Backgroundː
Post-induction hypotension (PIH) refers to arterial hypotension occurring within the first 20 minutes after anesthesia induction or from anesthesia induction to the beginning of surgery. Identifying high-risk patients with PIH is of great significance for medical staff to take corresponding preventive measures and formulating intervention plans. Therefore, this study aims to construct a PIH prediction model for patients undergoing general anesthesia (GA) and varify the performance of the model.

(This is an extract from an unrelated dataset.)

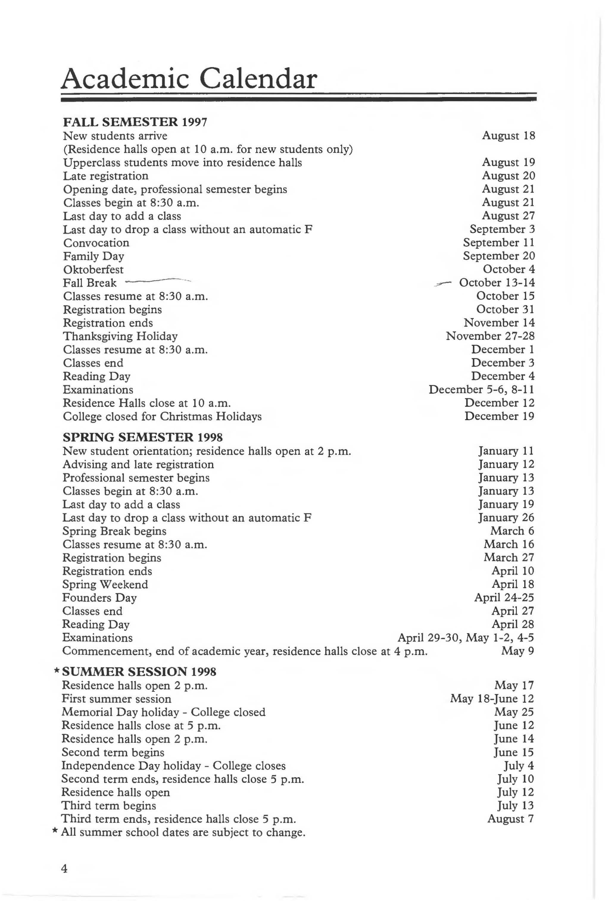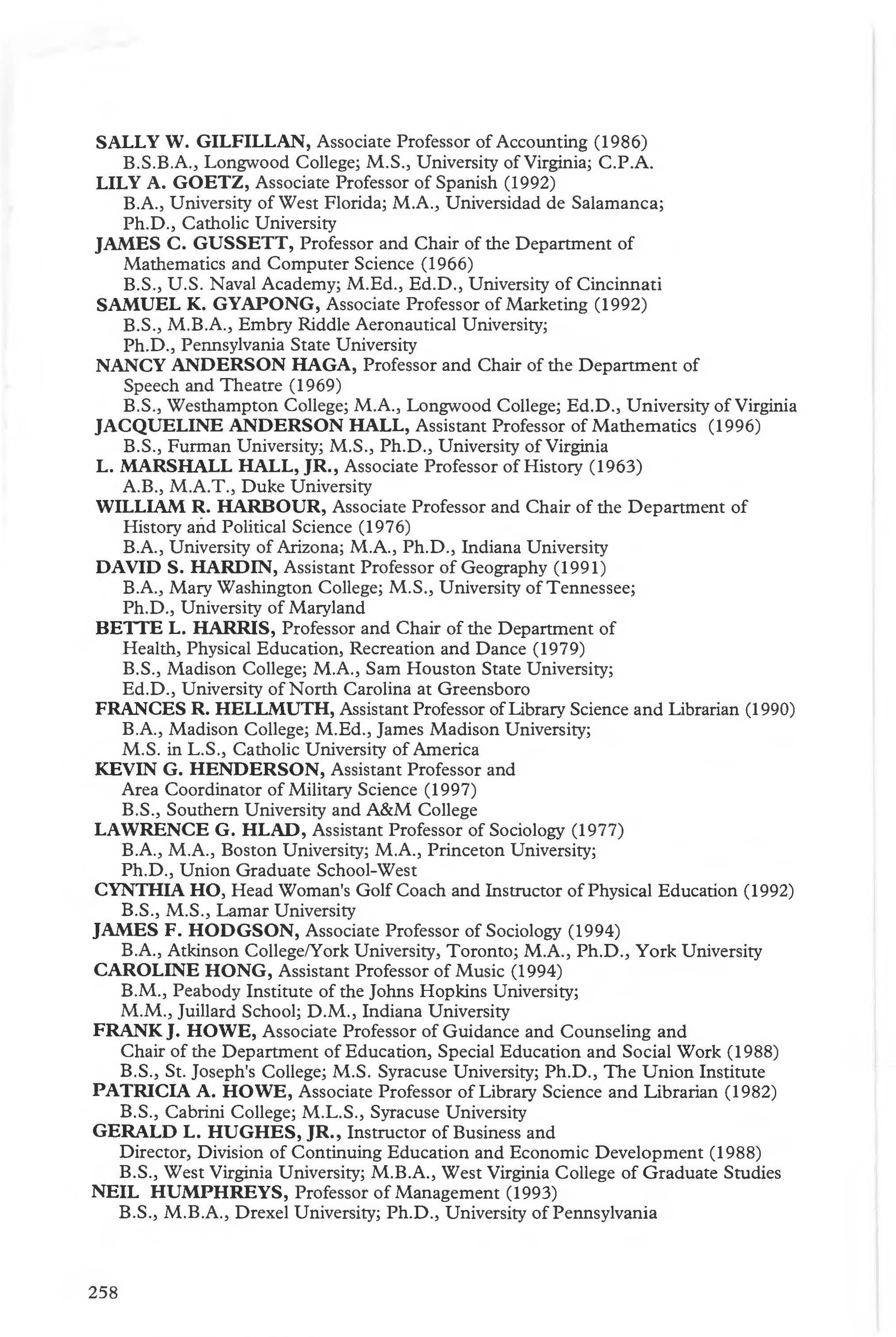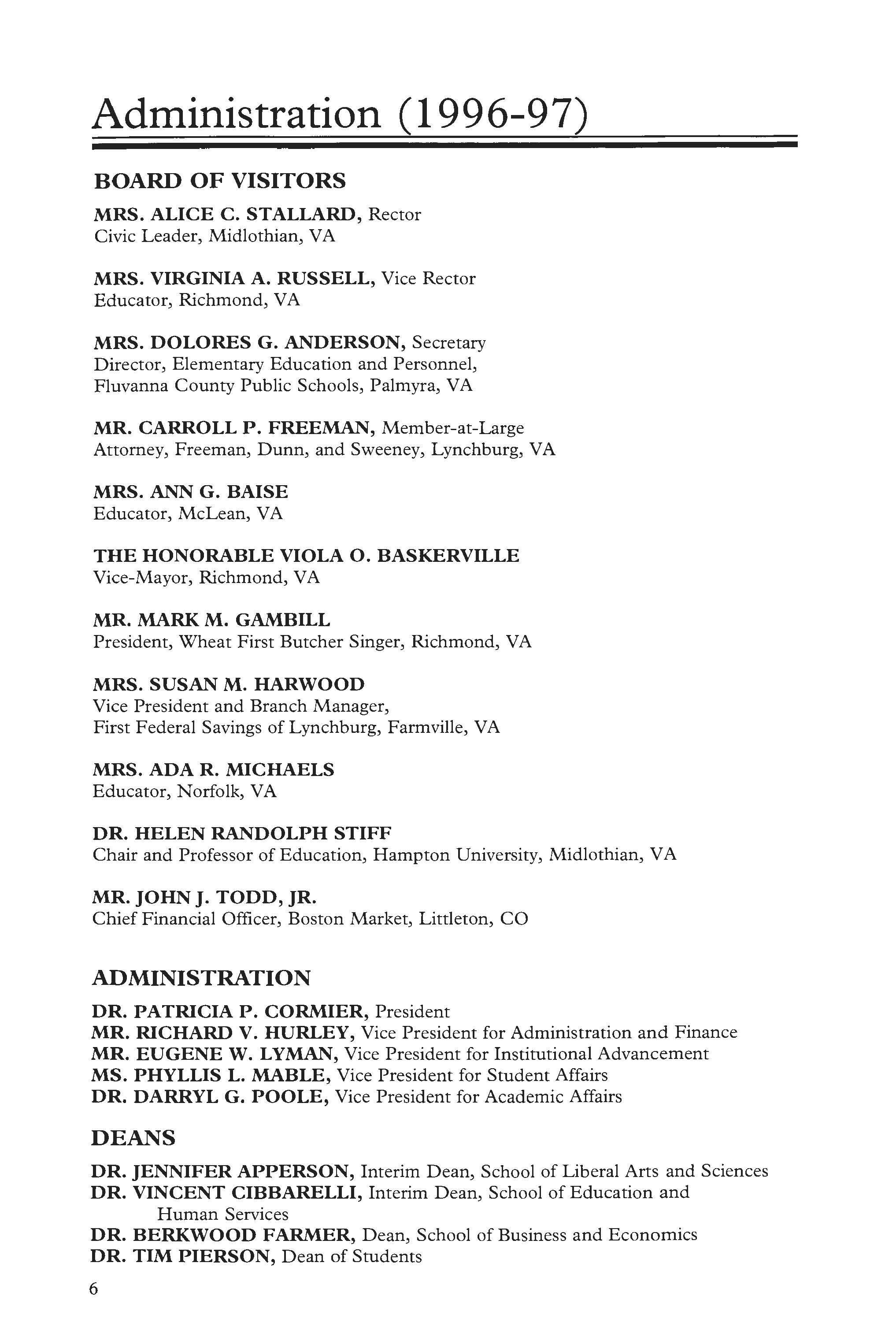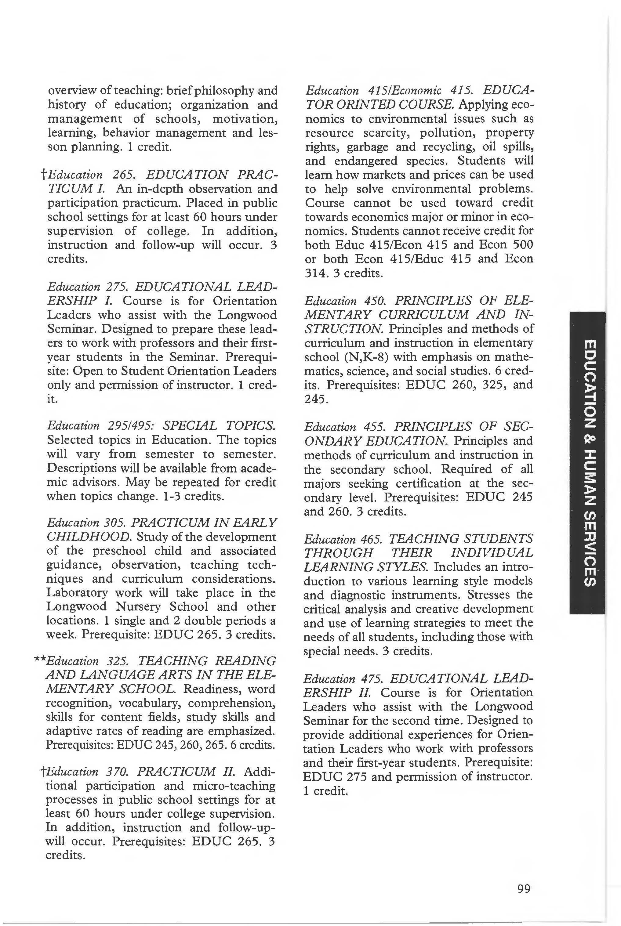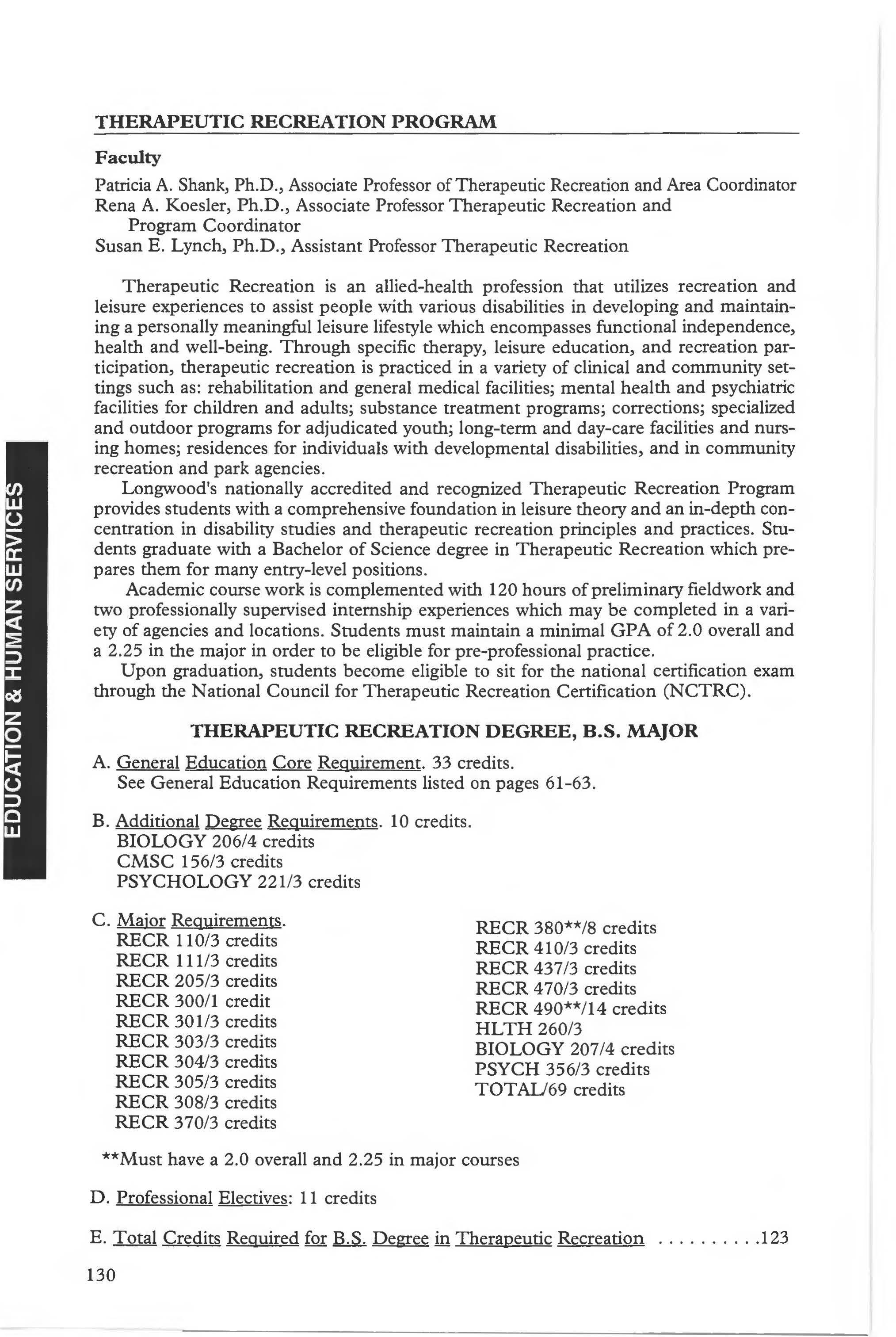 Longwood College Undergraduate Bulletin, August, 1997. Announcements 1997-98. In effect until August 1, 1998. Longwood College is accredited by Commission on Colleges of the Southern Association of Colleges and Schools to award bachelor's and master's degrees, National Council for Accreditation of Teacher Education, Virginia State Board of Education, National Association of Schools of Music; undergraduate Social Work Program accredited by the Council on Social Work Education; undergraduate Therapeutic Recreation Program accredited by the National Recreation and Park Association in cooperation with the American Association for Leisure and Recreation
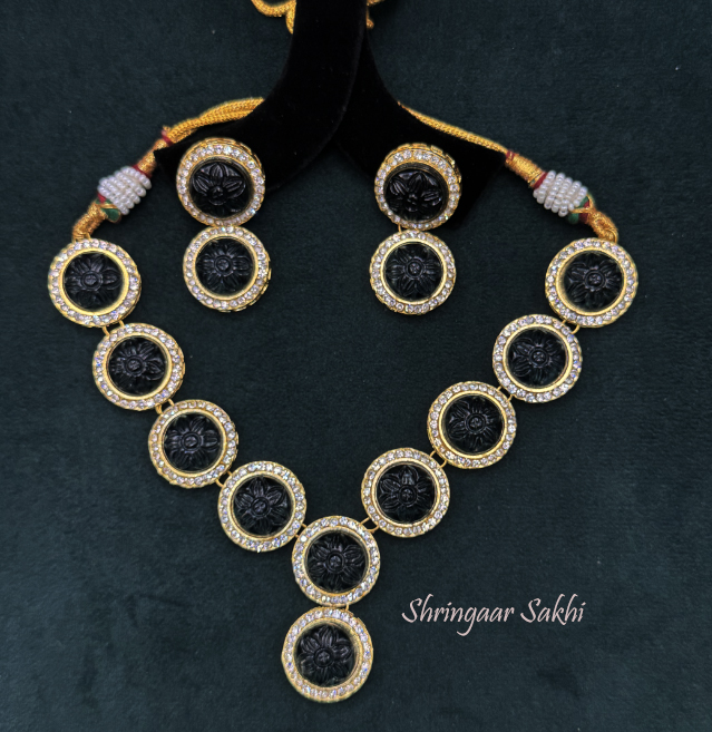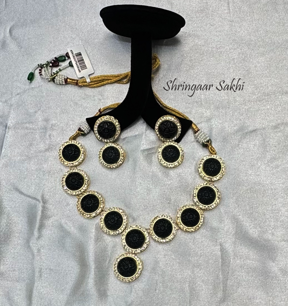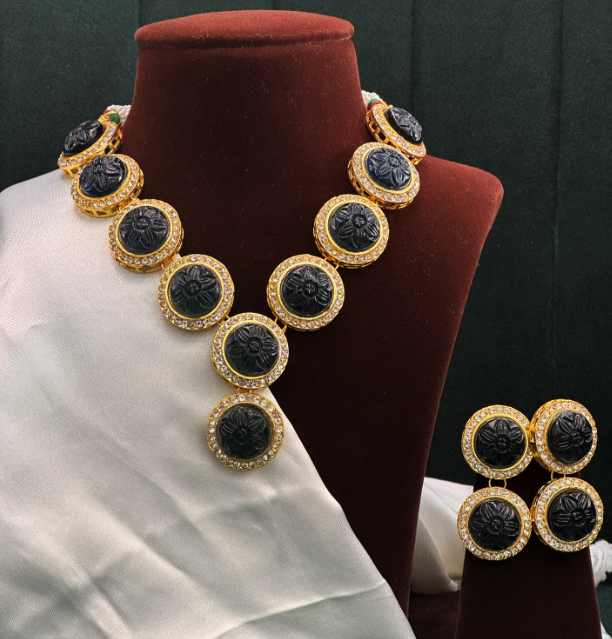 This bold necklace set features round black carved stones encased in elegant gold frames, surrounded by a sparkling layer of kundan stones. The matching earrings carry the same design, creating a cohesive and striking look. The combination of deep black and gold offers a perfect balance of traditional craftsmanship with a modern edge, making this set ideal for festive occasions, evening events, or cultural celebrations.

It was hypothesized that we could create a prediction model with a sensitivity/specificity > 85%.
Methodsː
This is a cross-sectional, observational study performed in a tertiary hospital in southwest China, among 290 patients who underwent elective non-cardiac surgery under GA from March 2023 to May 2023. The data came from medical records and anesthesia information collection system. Variables included patient age, gender, heart rate (HR), body mass index (BMI), disease diagnosis, complications, drug use, Charlson comorbidity index (CCI), American society of anesthesiologists physical status classification (ASA), the last measured blood pressure (BP) in the ward, the BP before anesthesia induction, and the lowest BP during anesthesia induction. the lowest BP during anesthesia induction was measured by invasive measurement method. PIH was defined as a decrease of mean arterial blood pressure (MAP) during induction of more than 30% compared with the MAP measured before anesthesia induction. The data was divided into trainning set and validation set according to the ratio of 7:3. The least absolute shrinkage and selection operator (LASSO) binary logistic regression was used for feature selection and model training. The area under the receiver operating characteristic curve (AUROC) was used to test these hypotheses. A calibration curve and the Hosmer-Lemeshow (H-L) chi-square test were used to evaluate the calibration degree of the model. Decision curve analysis (DCA) was used to evaluate the performance of the modeling in supporting clinical decision-making. The model was then visualized using a nomogram.
Results
PIH was presented in 8% patients in the training set and 10% in the test set. The predictors of this model included BMI, changes in MAP, pre-operative HR, and pre-operative use of angiotensin-converting enzyme inhibitors (ACEIs)/angiotensin receptor blockers (ARBs). For the training and test sets, the AUROC using LASSO regression was 0.894 [95% CI, (0.78, 1.00)] and 0.883 [95% CI, (0.718, 1.00)], with respective sensitivity (0.880 and 0.901) and specificity ( 0.875 and 0.889). The H-L test of calibration curve was 3.42 and 11.265, with respective p value 0.905 and 0.187. The DCA demonstrated that using the model obtained higher net benefit (NB) than not using it. This model composed of these four independent variables showed good calibration, and clinical efficiency, which is helpful for medical staff to identify patients with high risk of PIH and formulate corresponding prevention and intervention strategies
Conclusions
BMI, MAP change, HR, and ACEIs/ARBs were predictive of PIH by LASSO regression. This model composed of these four independent variables showed good discrimination, calibration, and clinical efficiency, which is helpful for medical staff to identify patients with high risk of PIH and formulate corresponding prevention and intervention strategies. The prediction and validation model with a sensitivity/specificity > 85% means the model was “successful”.